§ ACTIVITY: Every line from the one holding "市内の新規採用の先生が、本校" through the one holding "該組織在回應FCC針對半導體" in the data below must be returned exactly, both ends included, with pictures left out and nothing else added.

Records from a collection
=== Begin Enclosure ===
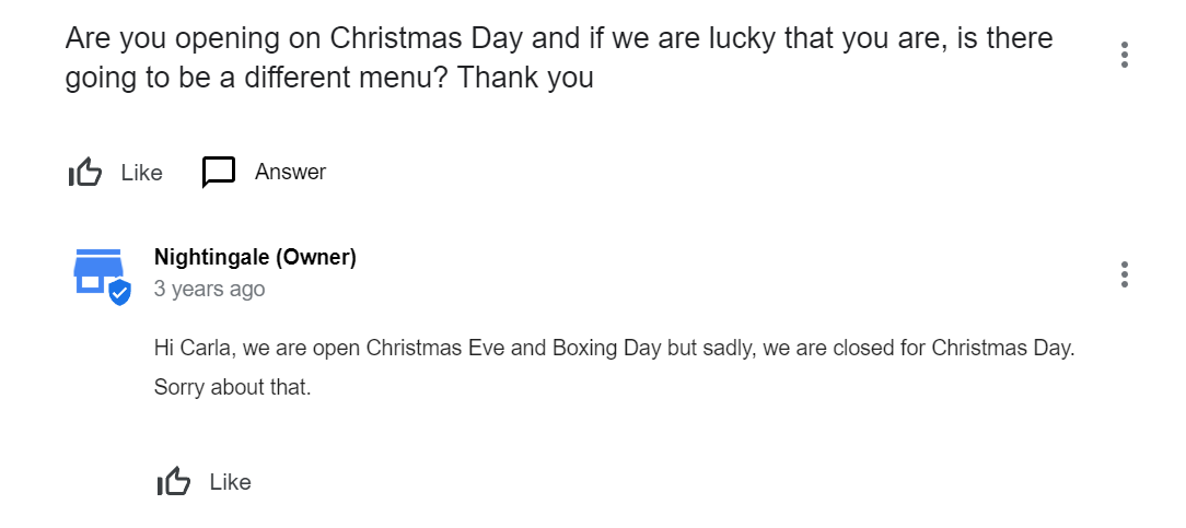 Pro tip: Did you know that 3 question upvotes will bump that question (but only one) to your business profile on Search? Get your holiday promotions, hours, or policies in front of clients by “swapping” your most upvoted question to a holiday-focused question.
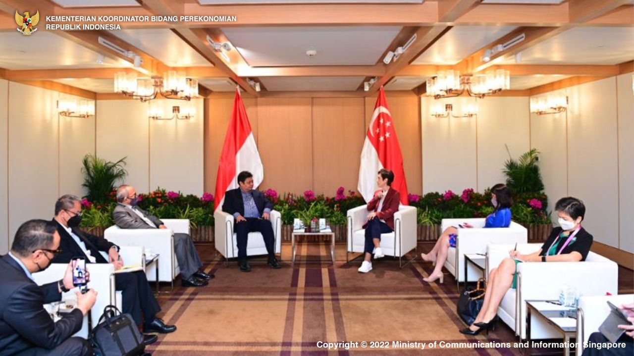 Dalam pertemuan itu, Menko Airlangga menyampaikan tindak lanjut hasil pertemuan antar pimpinan negara dalam pertemuan Leaders Retreat Indonesia ⁴j 41– Singapura 2022.
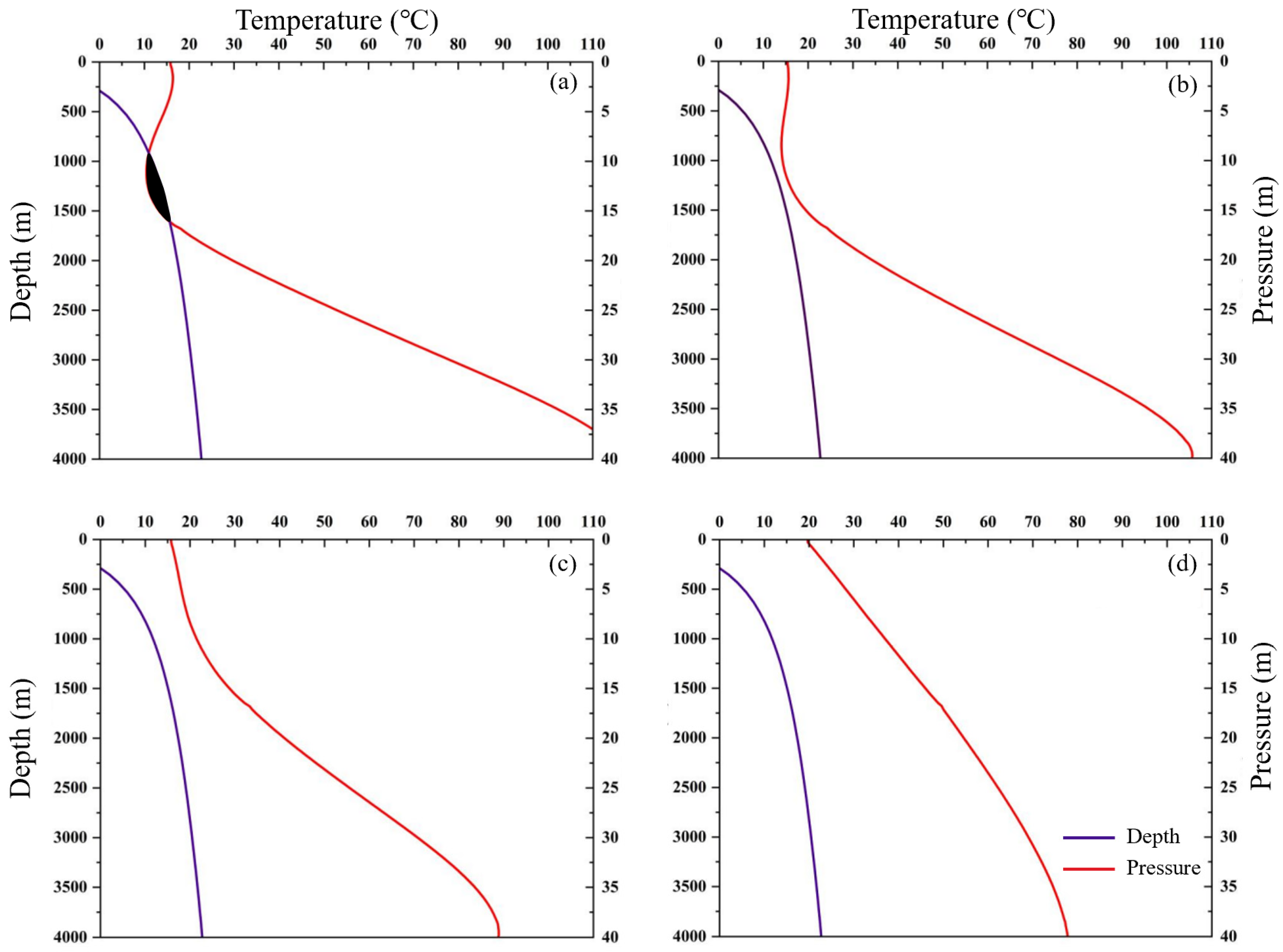 In contrast, when circulation stops or is reduced to ultralow rates, the absence of frictional heating and decreased convective transport lead to a rapid decline in annular temperature, which can intersect the hydrate phase boundary. This explains why hydrate risks are negligible during normal drilling circulation but become significant in well-killing or prolonged shut-in scenarios.
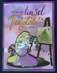 Rapunzel Tinsel Tangled is a Limited Edition (LE) 4000 pin from the Greeting Card Tiered Collection pin series. It was originally released on , 2019 and was available from Multiple Sources (WDW, DLR, etc.).
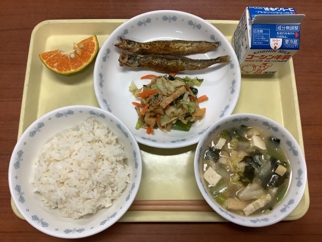 牛乳 麦ごはん ししゃものカレー揚げ 切干し大根と小松菜の和え物 具だくさん味噌汁 はやか
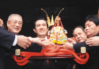 馬英九(中)昨天到鎮瀾宮親送媽祖上鑾轎,吳敦義(左一)、鎮瀾宮董事長顏清標(右一)等扶持。來源:臺灣《聯合報》
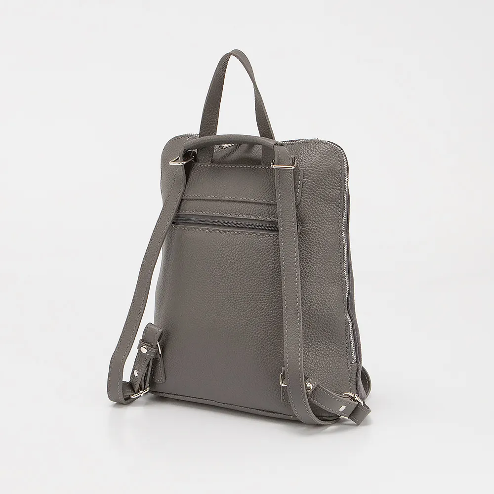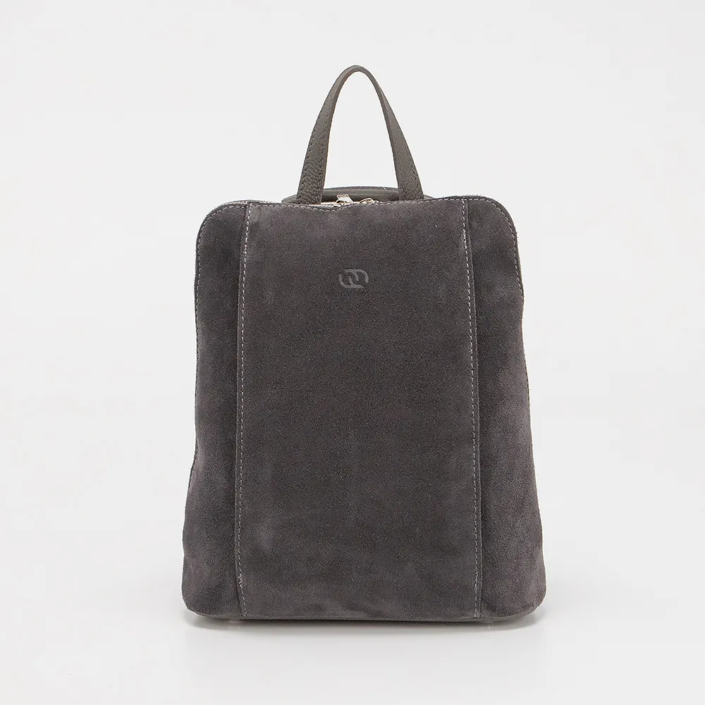 Сумка-рюкзак от торговой марки Francesco Molinary выполнена из натуральной кожи и замши в сочетании синего и серого цвета. Модель с ручкой и ремнем, который стягивается в две плечевые лямки. Отделение на молнии, раскрывается по трем сторонам, открытие регулируется вытачками. Внутри: фирменная подкладка, карман и средник на молнии, накладной карман. На лицевой стороне - два вертикальных кармана на молнии. На задней стороне - карман на молнии. Дно оснащено металлическими ножками для защиты от износа.
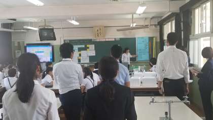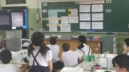 市内の新規採用の先生が、本校のICTを活用した理科の授業を見て研修しました。写真は6年1組の様子です。
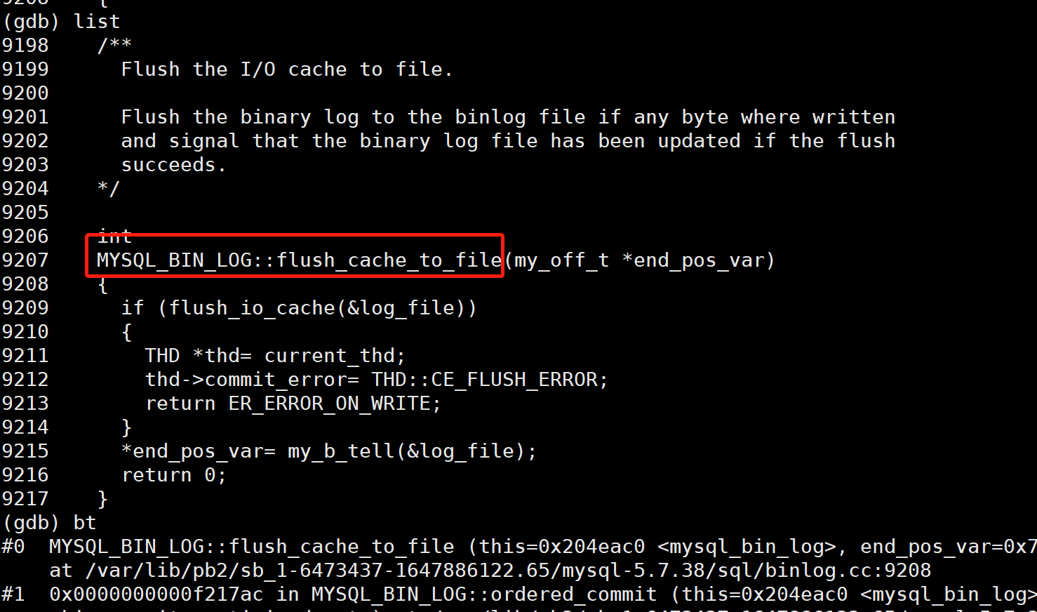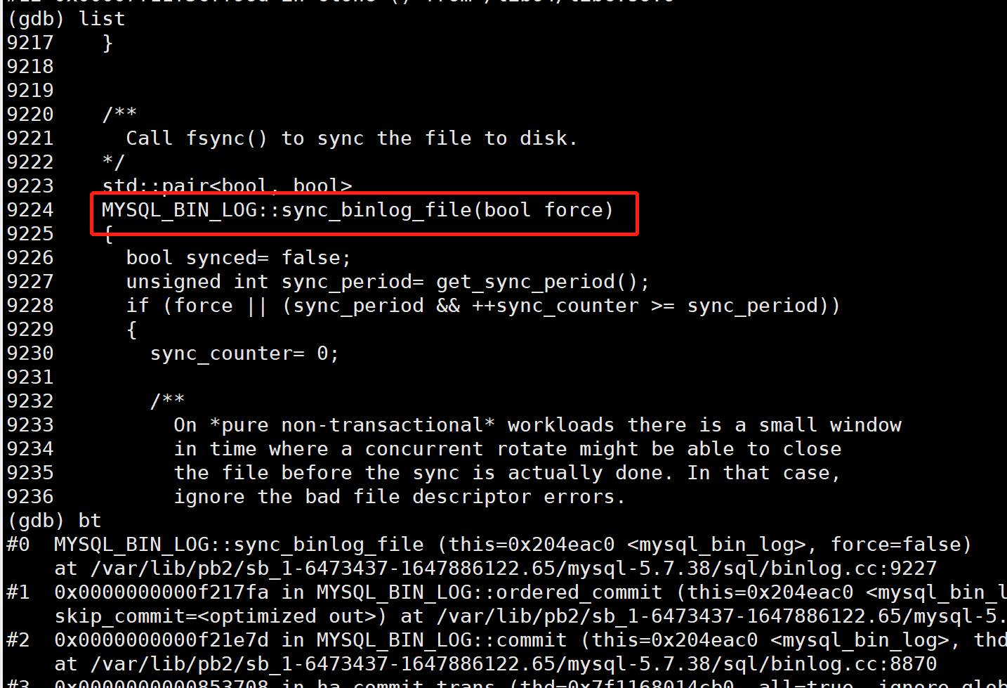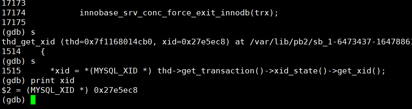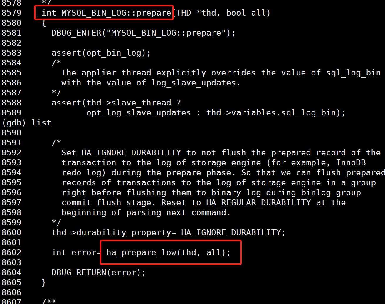 再使用list看下代码, 发现commit_owned_gtids, 在事务prepare之前,保存gtid信息, 我们并不关系它怎么保存的, 所以使用next执行代码(直接执行完函数,不会进入函数)
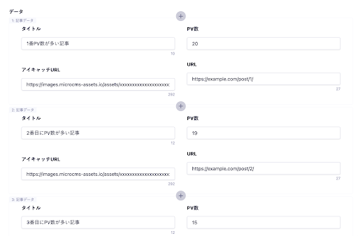ランキングデータが登録されているときは以下のようになります。上から順番にPV数が多い順に並べられます。
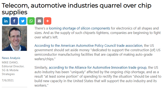 該組織在回應FCC針對半導體芯片短缺及其可能對美國造成的影響展開的調(diào)查時寫道:“在全球經(jīng)濟中如此多的行業(yè)都依賴半導體芯片的情況下,為汽車業(yè)留出特定的行業(yè)資金顯然是不合適的?!?
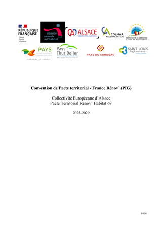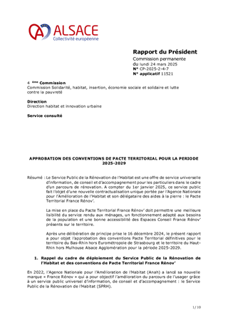 Le Service Public de la Rénovation de l’Habitat est une offre de service universelle d’information, de conseil et d’accompagnement pour les particuliers dans le cadre d’un parcours de rénovation. A compter du 1er janvier 2025, ce service public fait l’objet d’une nouvelle contractualisation unique portée par l’Agence Nationale pour l’Amélioration de l’Habitat et son délégataire des aides à la pierre : le Pacte Territorial France Rénov’. La mise en place du Pacte Territorial France Rénov’ doit permettre une meilleure lisibilité du service rendu aux ménages, un fonctionnement adapté aux besoins de la population et une bonne accessibilité des Espaces Conseil France Rénov’ présents sur le territoire. Après une délibération de principe prise le 16 décembre 2024, le présent rapport a pour objet l’approbation des conventions Pacte Territorial définitives pour le territoire du Bas-Rhin hors Eurométropole de Strasbourg et le territoire du Haut-Rhin hors Mulhouse Alsace Agglomération pour la période 2025-2029.
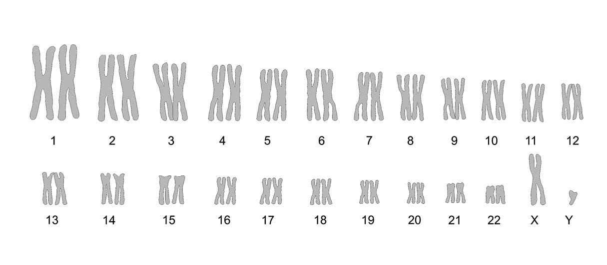 Нормальный хромосомный набор (кариотип) человека представлен 46 хромосомами. Это 22 пары аутосом и одна пара половых хромосом – XY [6] в мужском кариотипе и XX – в женском. Посмотрите на рисунок, и вы увидите, что половые хромосомы получили обозначение по сходству с соответствующими буквами алфавита.
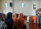 Astagfirulloh! Aceh mulai hancur, demikian salah satu komentar salah seorang Netizen dalam akun resminya, SerambiNews.com yang menampilkan foto berderet wanita berhijab yang sedang khusu mendengarkan pendeta berpidato di gereja
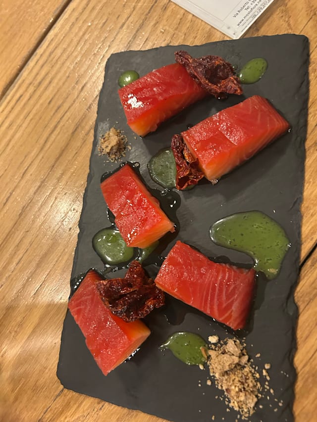 6.5/10Nice little wine shop serving tasty small plates. Unfortunately on the evening we visited the restaurant was virtually empty so the atmosphere wasn’t great. The staff are clearly wine lovers and helped us through the extensive wine list. We had four delicious glasses. The accompanying food was almost OK but everything was over-salted. One of choices was the trio of fish tartare. This was also over-salted and, worse, some of the raw prawns hadn’t been properly deveined.
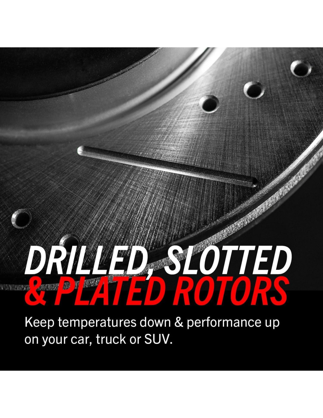 - Los rotores de freno perforados y ranurados proporcionan la máxima refrigeración del freno y cuentan con un recubrimiento de Zinc Dicroamato Plateado que protege contra el óxido y la corrosión
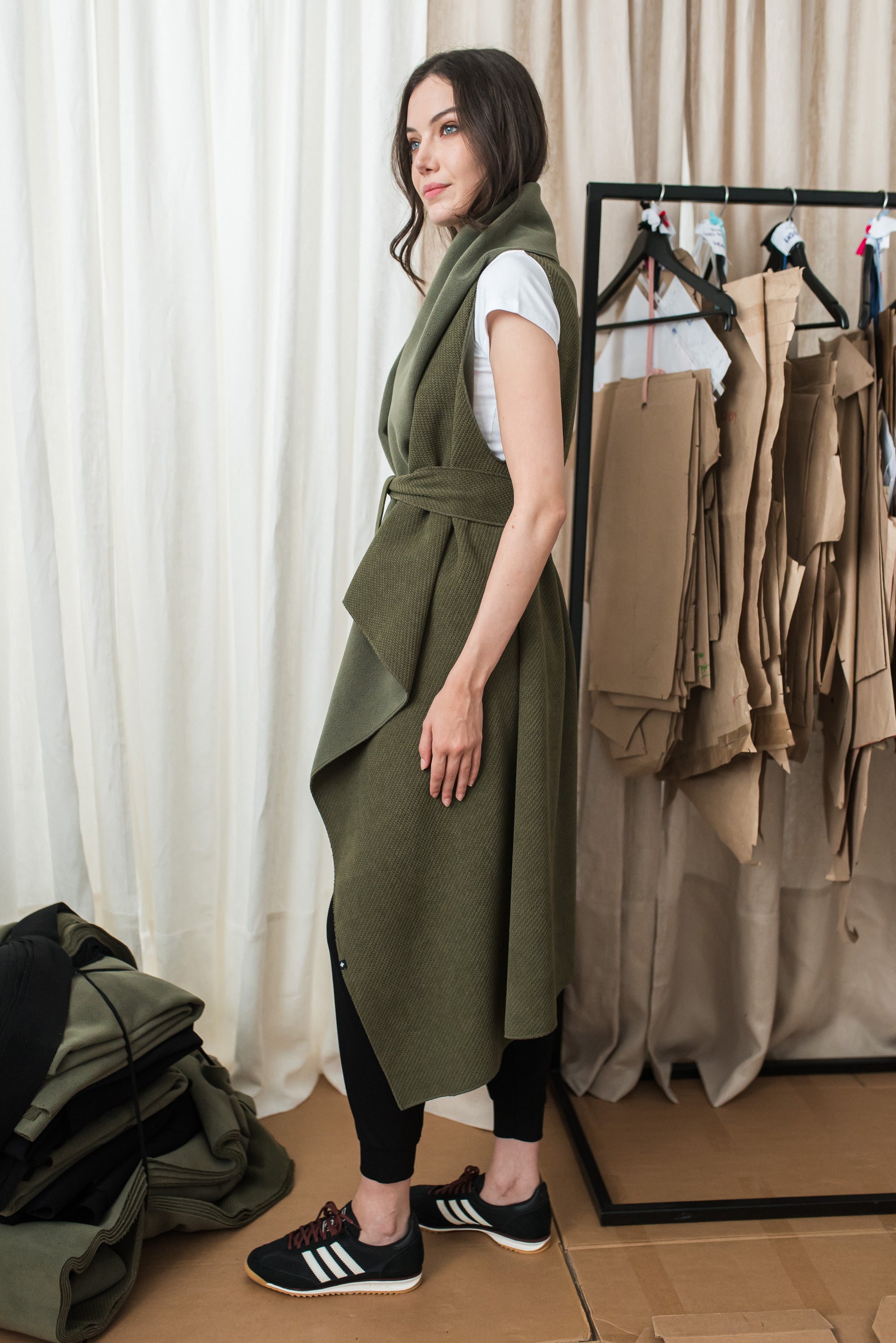 > A PAU hosszú mellény egy karakteres, sportosan elegáns darab, amely minden szettedet különlegessé teszi. Anyaga kívül kötött hatású, belül puha és meleg, így kellemes ölelő érzést nyújt a hűvösebb napokon. Letisztult vonalait a mikrolock eldolgozás hangsúlyozza, hosszú szabása pedig egyszerre lezser és látványos. Anyagából készült övével karcsúsítottan, öv nélkül pedig könnyed esésében is hordhatod. Tökéletes választás önmagában, mellényként viselve, de kiskabátra rétegezve is stílusos kiegészítő. Egy sokoldalú darab, amely egyszerre kényelmes, praktikus és igazán nőies – igazi szerelemdarab.
=== End Enclosure ===
§ RESPONSE FOR THIS EXERCISE:
 市内の新規採用の先生が、本校のICTを活用した理科の授業を見て研修しました。写真は6年1組の様子です。
 再使用list看下代码, 发现commit_owned_gtids, 在事务prepare之前,保存gtid信息, 我们并不关系它怎么保存的, 所以使用next执行代码(直接执行完函数,不会进入函数)
ランキングデータが登録されているときは以下のようになります。上から順番にPV数が多い順に並べられます。
 該組織在回應FCC針對半導體芯片短缺及其可能對美國造成的影響展開的調(diào)查時寫道:“在全球經(jīng)濟中如此多的行業(yè)都依賴半導體芯片的情況下,為汽車業(yè)留出特定的行業(yè)資金顯然是不合適的?!?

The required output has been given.